**Task description:**
Using the listing below, set down exactly the lines starting at the line that contains "Going back to" and ending at the line that contains "Russian Folk Art", both included, and no others.

**Recorded data:**
=== Begin Enclosure ===
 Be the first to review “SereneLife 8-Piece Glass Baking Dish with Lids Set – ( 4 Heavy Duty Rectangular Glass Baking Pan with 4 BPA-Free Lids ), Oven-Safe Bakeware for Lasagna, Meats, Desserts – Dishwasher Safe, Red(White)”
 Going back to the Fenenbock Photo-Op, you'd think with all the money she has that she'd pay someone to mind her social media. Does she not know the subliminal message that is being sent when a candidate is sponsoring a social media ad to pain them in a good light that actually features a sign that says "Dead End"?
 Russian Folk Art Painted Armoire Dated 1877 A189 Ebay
=== End Enclosure ===
=== Begin Enclosure ===
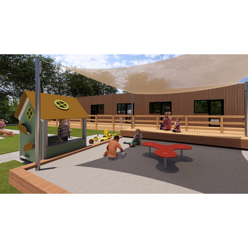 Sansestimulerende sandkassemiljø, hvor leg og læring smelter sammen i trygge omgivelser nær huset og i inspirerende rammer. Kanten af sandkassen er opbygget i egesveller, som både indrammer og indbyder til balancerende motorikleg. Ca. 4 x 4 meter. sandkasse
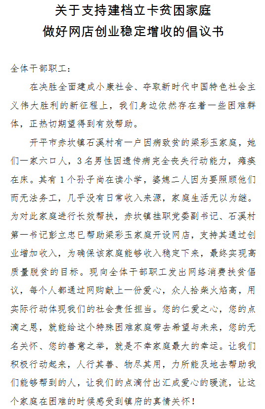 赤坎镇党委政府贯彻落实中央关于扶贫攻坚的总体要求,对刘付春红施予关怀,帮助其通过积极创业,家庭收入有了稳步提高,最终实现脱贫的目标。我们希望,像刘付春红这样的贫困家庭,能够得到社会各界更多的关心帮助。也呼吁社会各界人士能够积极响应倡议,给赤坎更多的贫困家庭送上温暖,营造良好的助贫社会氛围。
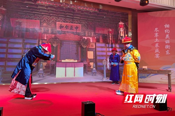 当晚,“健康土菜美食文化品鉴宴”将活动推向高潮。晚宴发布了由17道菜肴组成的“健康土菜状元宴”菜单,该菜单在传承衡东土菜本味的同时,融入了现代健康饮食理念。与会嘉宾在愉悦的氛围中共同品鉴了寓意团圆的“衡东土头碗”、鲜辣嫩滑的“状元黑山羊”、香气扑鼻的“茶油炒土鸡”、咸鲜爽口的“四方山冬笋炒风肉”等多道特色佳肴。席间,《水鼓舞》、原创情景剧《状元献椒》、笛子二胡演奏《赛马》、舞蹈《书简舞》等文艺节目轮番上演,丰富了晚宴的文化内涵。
=== End Enclosure ===
**Response box:**
 Going back to the Fenenbock Photo-Op, you'd think with all the money she has that she'd pay someone to mind her social media. Does she not know the subliminal message that is being sent when a candidate is sponsoring a social media ad to pain them in a good light that actually features a sign that says "Dead End"?
 Russian Folk Art Painted Armoire Dated 1877 A189 Ebay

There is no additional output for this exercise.